- How to complete this task: Which of the lines below hold the word "Brillen"? Pull each of them out.

Entries taken from a collection
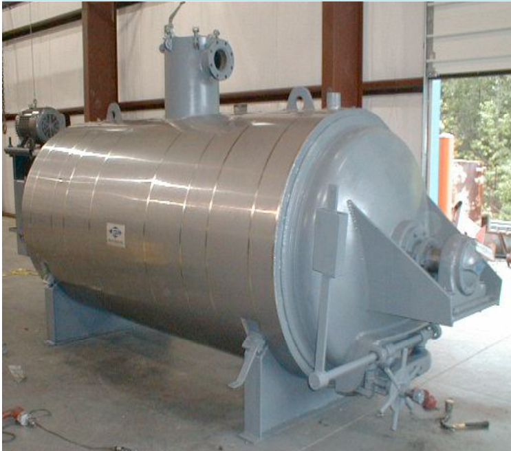
MODELO 160 DISEÑADO PARA HIDROLIZAR PLUMAS
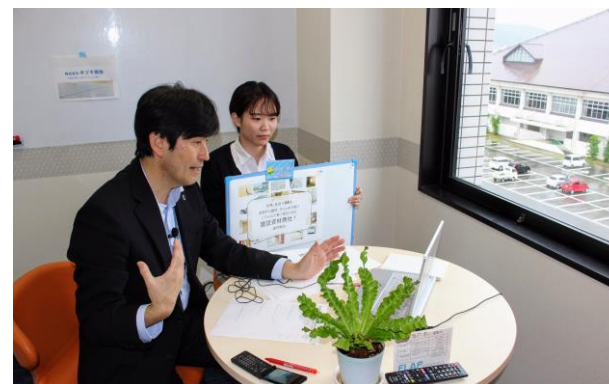
【兵庫北部オンライン企業面接会】

コロナ禍で移動が制限されるなか、地域企業の紹介や事業内容を学生に伝える機会を設けるため、Web会議システムを使用した企業合同での学生向け面接会を行政と連携して開催しました。
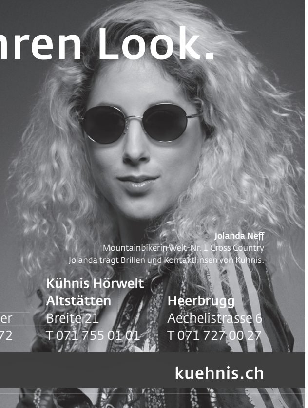
Jolanda Neff Mountainbikerin-Welt-Nr. 1 Cross Country Jolanda trägt Brillen und Kontaktlinsen von Kühnis.

Ihr führendes Fachgeschäft für Brillen, Linsen und Top-Service in der Region.
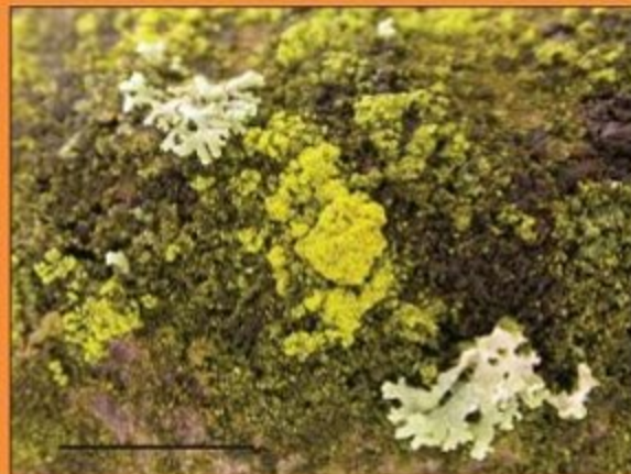
A Poedergeelkorst - Candelariella reflexa een knalgele, korstvormige soort die vaak in brede, verticale banen langs de stam groeit.
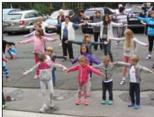
společně sportujeme – ranní rozvíčka

- Answer section:
Jolanda Neff Mountainbikerin-Welt-Nr. 1 Cross Country Jolanda trägt Brillen und Kontaktlinsen von Kühnis.
Ihr führendes Fachgeschäft für Brillen, Linsen und Top-Service in der Region.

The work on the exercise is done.